I have written already about the dumb shit that people offer up when someone dies, but now, I want to focus specifically on the crap that people think, say, and how they respond, when the death of your loved one is from suicide.
“How could they be so selfish?”
They weren’t selfish. They were in pain. People who complete suicide still love, but their hurt, their pain, their anguish, isn’t too great. They can’t feel hope. They can’t feel love. They can’t visualize any change to their current hell.
When you are depressed, when you’re thinking about suicide, you obviously are not necessarily thinking clearly.
After all, despite faith and religious beliefs, no one really knows what happens when you die. To not know if you’re going to cease to exist, and to still want that, that escape, that out, is a dire place to be in.

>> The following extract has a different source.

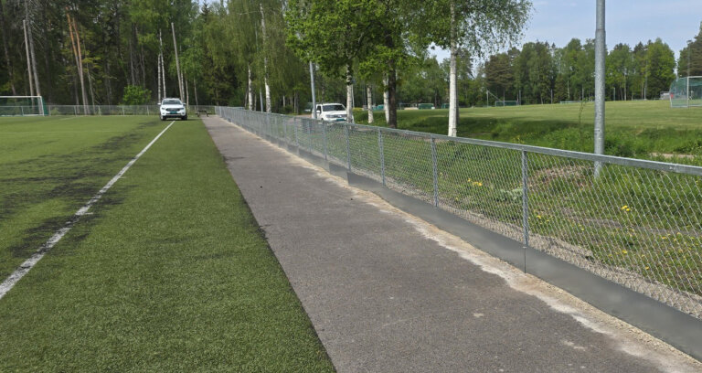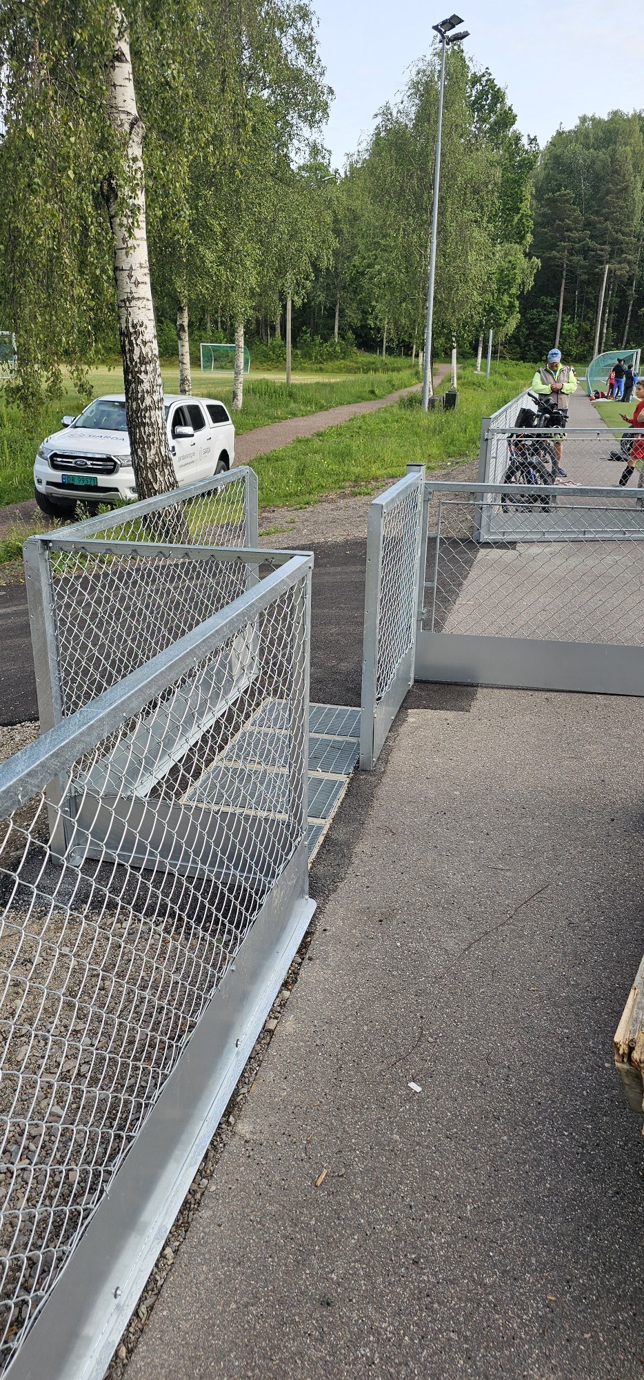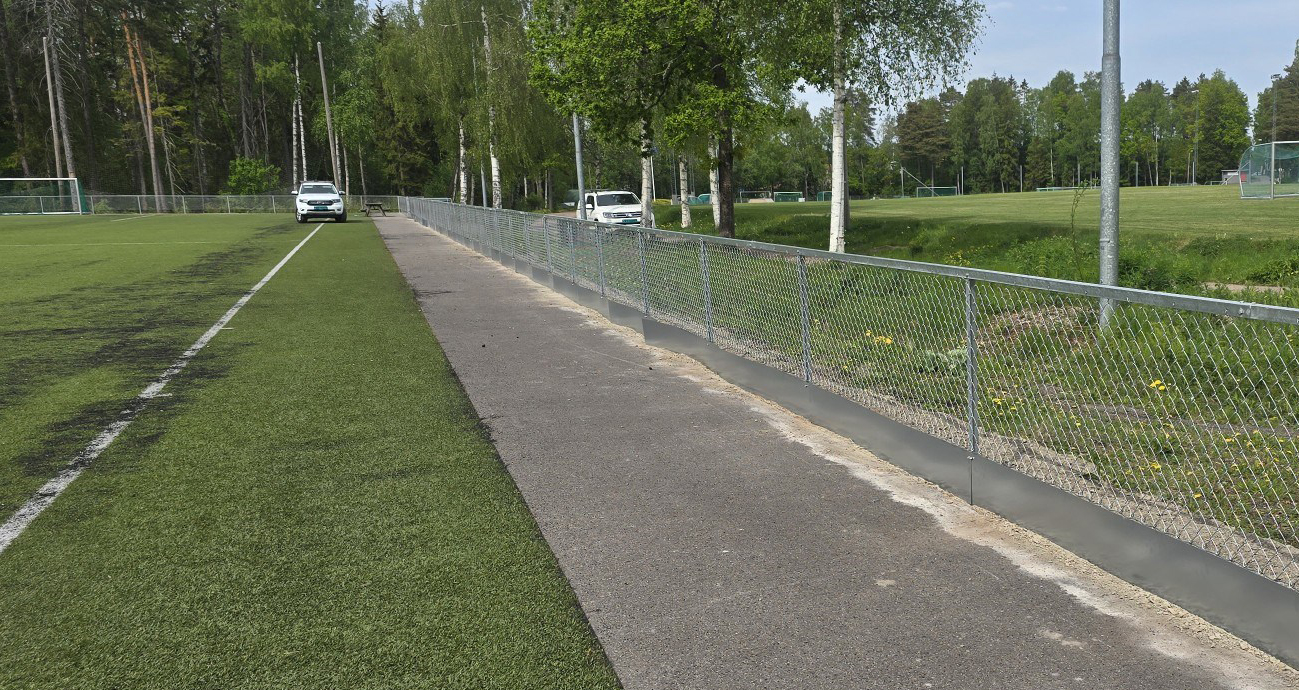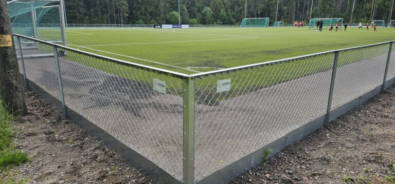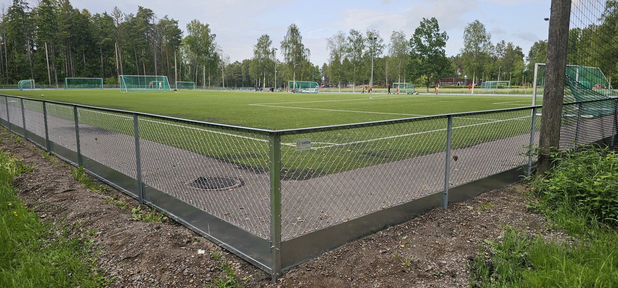Rundt en idrettsplass på Nøtterøy har vi sikret fotballbanen med 350 meter flettverksgjerde, inkludert kant i bunn for å hindre spredning av granulat utenfor området. Det er benyttet gjerde med overligger for ekstra stabilitet og holdbarhet. I tillegg har vi montert en flettverksport for adkomst til banen, samt levert en manuell bom for å forhindre biltrafikk i området.

People who have depression, have suicide ideation, and attempt or complete suicide, may not not want to die, per se. They just don’t/can’t live anymore, in this state, position or this pain.
“They are going to Hell.”
This is just so shitty to say, to preach, to proclaim.
Yeah, I get that we don’t want to encourage death at our own hand, but come on.
You take the people who are the survivors, the bereaved, who are in pain, reeling to understand how their loved one could have ended their life. Then, on top of that, you add the agony to their plate with the image of their loved one in Hell, burning, thrown into the fiery lake of eternal damnation?
That, ironically, is just so cold.
And essentially, you’re playing God. How do you know?
I happen to believe in a God or a Divine Creator who has love for us. That kind of agape love can’t comprehend mental illness? The pain and despair of depression and suicidal inclination that leads to that desperation and that act?
No. I don’t buy it.
And even if I give you the benefit of the doubt: maybe you’re right. So what? Still, shut it. We don’t need to hear that, agonizing about our loved one in Hell.
I envision my relatives who completed suicide to be finally at eternal peace, no longer hurting and suffering, finally healed. Surrounded in God’s embrace. If that is not your religion, able to see that God loves them and understood their pain, I don’t want to have to hear about your religious convictions. Keep them to yourself.
After my dad completed suicide, I asked her once what she thought happened after someone dies by suicide.
She said, “I guess they go to hell…”
It became obvious next that that was what she had been taught. From her limited Baptist church education.
It broke my heart to hear that she believed that.
It further adds to the trauma, the deep pain and sadness for those grieving.
And also the overused— “God has a plan”
or
“God never gives us anymore than we can handle…”
We really need to shut down those as well.
Especially when people use these to minimize the pain of grieving and death of a loved one by suicide, simply because they are awkward and terrible about talking about death, comforting each other, and holding space for another’s pain.
It was not God’s plan for my brother and father to die by suicide, gun shot wounds to the head. It was not that my aunt could have handled more from her depression and post-partum struggles and chemical imbalances when she completed suicide with downer drags. It is not her fault. Essentially that is what you’re saying.
Also:
Do. Not. Play God.
Or, assume you understand God’s purpose.
God can be with us—all humankind—and create beauty, divine comfort and magic from unbelievably heart-breaking and tragic circumstances. But it doesn’t mean that He orchestrated them. We have no right to twist that into a sick message that our relatives or weak, or that there is no hope for the victims, or the survivors.
We need to do so much better than this.